### Task prompt
Copy the records below line by line and word for word, from the very first line through the line with "TERENCE V. POWDERLY", omitting each picture.

### Supplied records
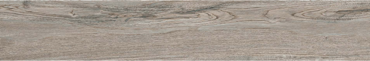
NDW11RT 200 x 1200mm 7" 7/8 x 47" 1/4
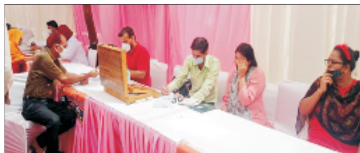
Testing of Vision
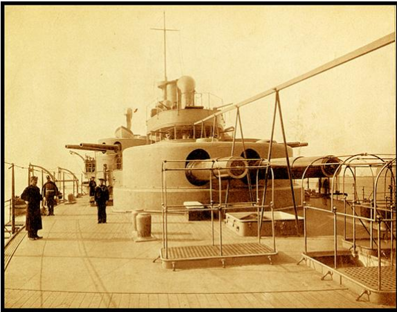
On the fantail looking forward
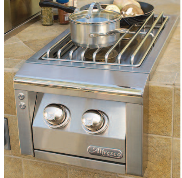
Dual Side Burner

*All side burner units with a serial # starting with "18" have 110 VAC ignition system and "control knob accent lights".
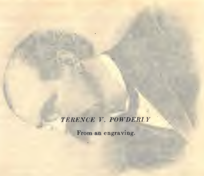
TERENCE V. POWDERLY
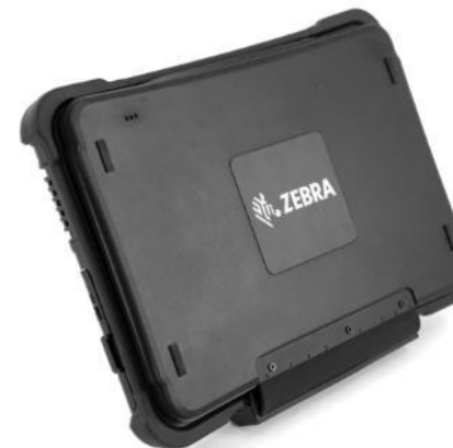
Keyboard in closed position via magnets, protecting display glass
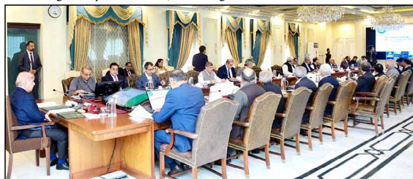
ISLAMABAD: Prime Minister Muhammad Shehbaz Sharif chairs a review meeting on Chinese investment in Pakistan.

When asked by a journalist you have always defended Gen (Retd) Faiz and now when he has been arrested why you fear he will become approver against you, he said I don't worry if he gives any evidence against me.
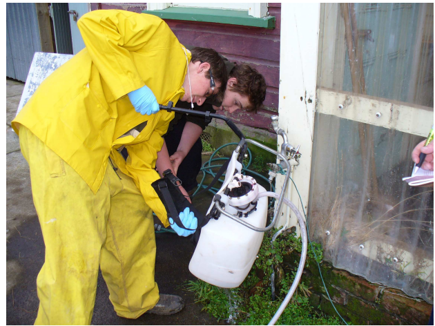
Chemical Handling Module – marks are awarded for wearing protective clothing correctly... and using the right chemical for the right job!
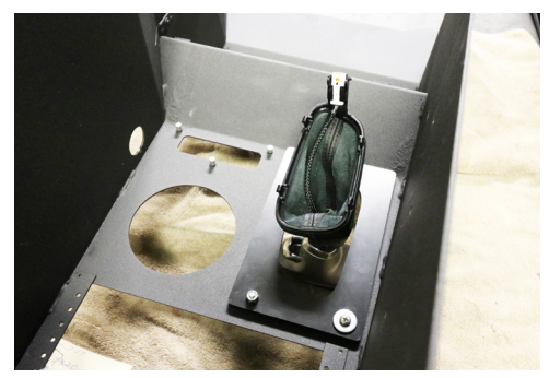
With the console turned over, install the boot and shifter and re-tighten T-20 screws. Snap the boot clips into the Filler Plate.
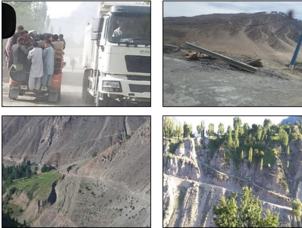
Fig. 3. Roads and transportation issues in Gilgit Baltistan area.
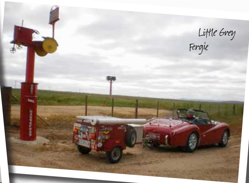
Little Grey Fergie
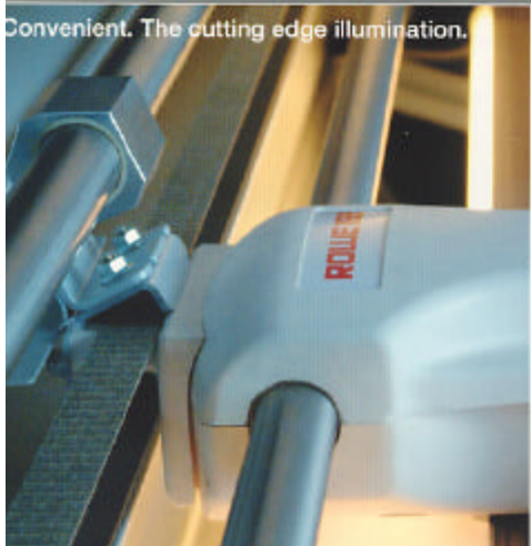
Convenient. The cutting edge illumination.
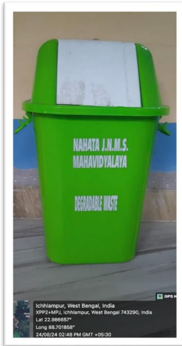
Plate 1: Degradable Waste Bin
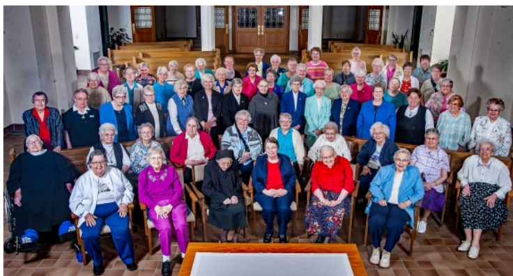
The Benedictine Sisters of St. Scholastica Monastery Duluth, MN
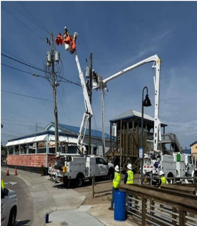
Duke Energy installed power pole at Marina.
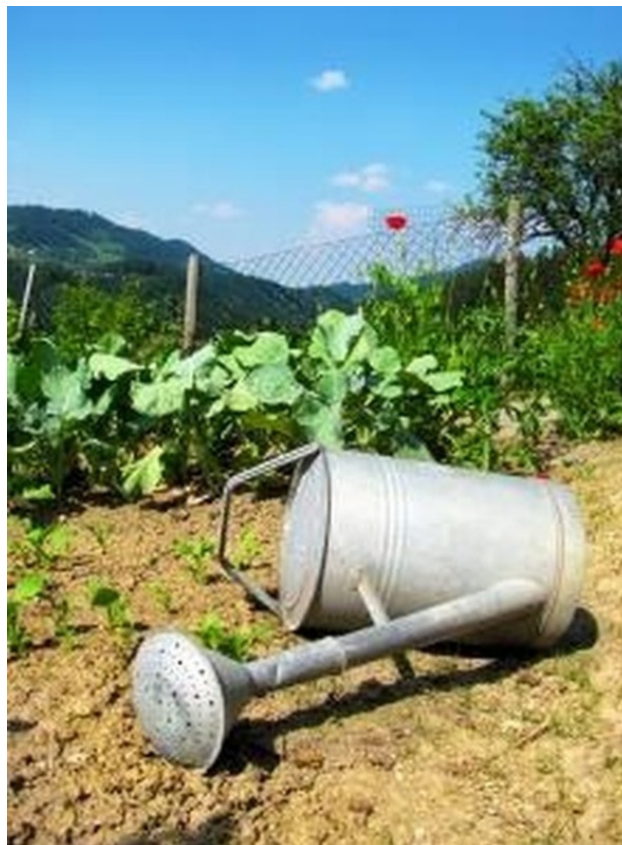
Chapter 2: Container Gardening

Home gardening shouldn't make anyone get anxious. On the off chance that you do choose to take a stab at homing cultivating and find that you don't have a green thumb, don't get debilitated. Endeavor it again the following gardening season.

### Solved problem
NDW11RT 200 x 1200mm 7" 7/8 x 47" 1/4
Testing of Vision
On the fantail looking forward
Dual Side Burner

*All side burner units with a serial # starting with "18" have 110 VAC ignition system and "control knob accent lights".
TERENCE V. POWDERLY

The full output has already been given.